About this task:
Leave out every picture and set down, exactly, the lines below from the one holding "Lundi | 08:30-12:00 et 13:30-18:00 |" up to and including the one holding "点击下载好的VSCode安装".

Data to process:
───

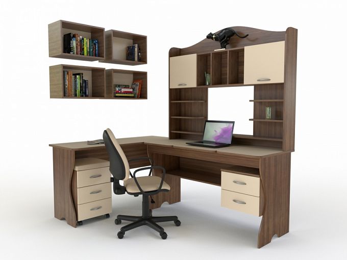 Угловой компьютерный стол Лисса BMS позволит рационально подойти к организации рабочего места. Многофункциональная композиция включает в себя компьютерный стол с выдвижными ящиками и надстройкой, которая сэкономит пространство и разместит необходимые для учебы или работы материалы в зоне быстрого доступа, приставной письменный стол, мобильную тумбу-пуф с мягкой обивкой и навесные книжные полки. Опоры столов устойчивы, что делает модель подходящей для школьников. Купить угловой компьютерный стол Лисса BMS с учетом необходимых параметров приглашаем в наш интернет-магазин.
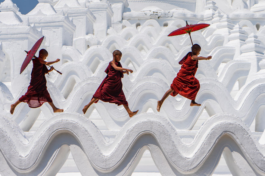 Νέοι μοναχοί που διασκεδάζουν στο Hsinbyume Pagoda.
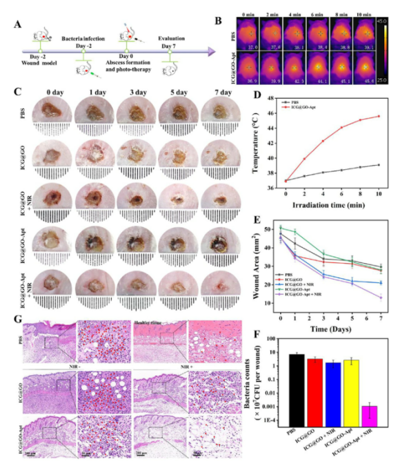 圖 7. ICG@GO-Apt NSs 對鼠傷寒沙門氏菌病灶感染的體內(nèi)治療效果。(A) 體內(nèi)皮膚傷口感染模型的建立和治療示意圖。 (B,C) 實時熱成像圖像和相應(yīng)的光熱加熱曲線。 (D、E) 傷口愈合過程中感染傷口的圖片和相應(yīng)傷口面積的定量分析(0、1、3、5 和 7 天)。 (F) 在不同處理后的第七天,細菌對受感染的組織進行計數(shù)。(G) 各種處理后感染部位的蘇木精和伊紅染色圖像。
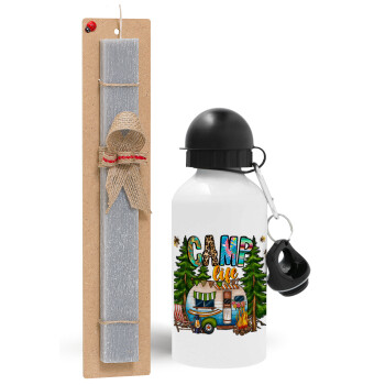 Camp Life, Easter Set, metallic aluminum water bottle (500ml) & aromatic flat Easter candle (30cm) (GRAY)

───

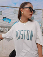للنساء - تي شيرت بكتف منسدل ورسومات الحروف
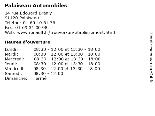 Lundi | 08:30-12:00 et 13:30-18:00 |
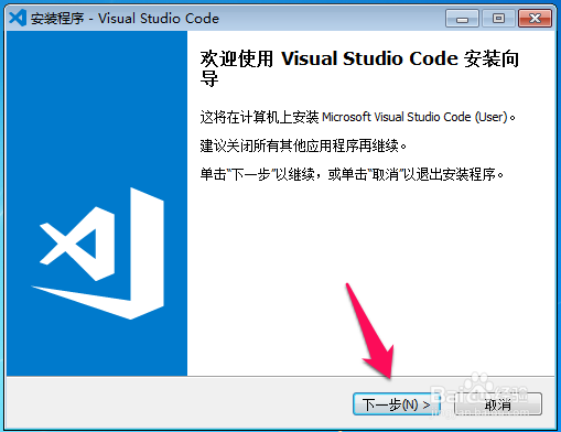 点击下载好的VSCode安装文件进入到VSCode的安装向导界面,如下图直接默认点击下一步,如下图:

───

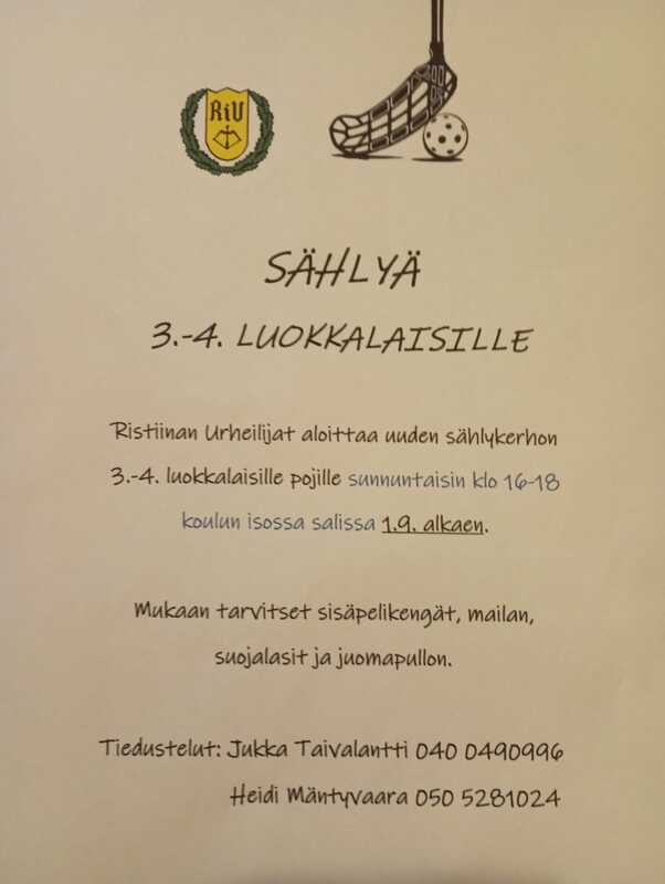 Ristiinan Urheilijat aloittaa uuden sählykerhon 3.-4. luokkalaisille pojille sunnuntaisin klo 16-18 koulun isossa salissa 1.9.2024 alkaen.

───

Response area:
 Lundi | 08:30-12:00 et 13:30-18:00 |
 点击下载好的VSCode安装文件进入到VSCode的安装向导界面,如下图直接默认点击下一步,如下图:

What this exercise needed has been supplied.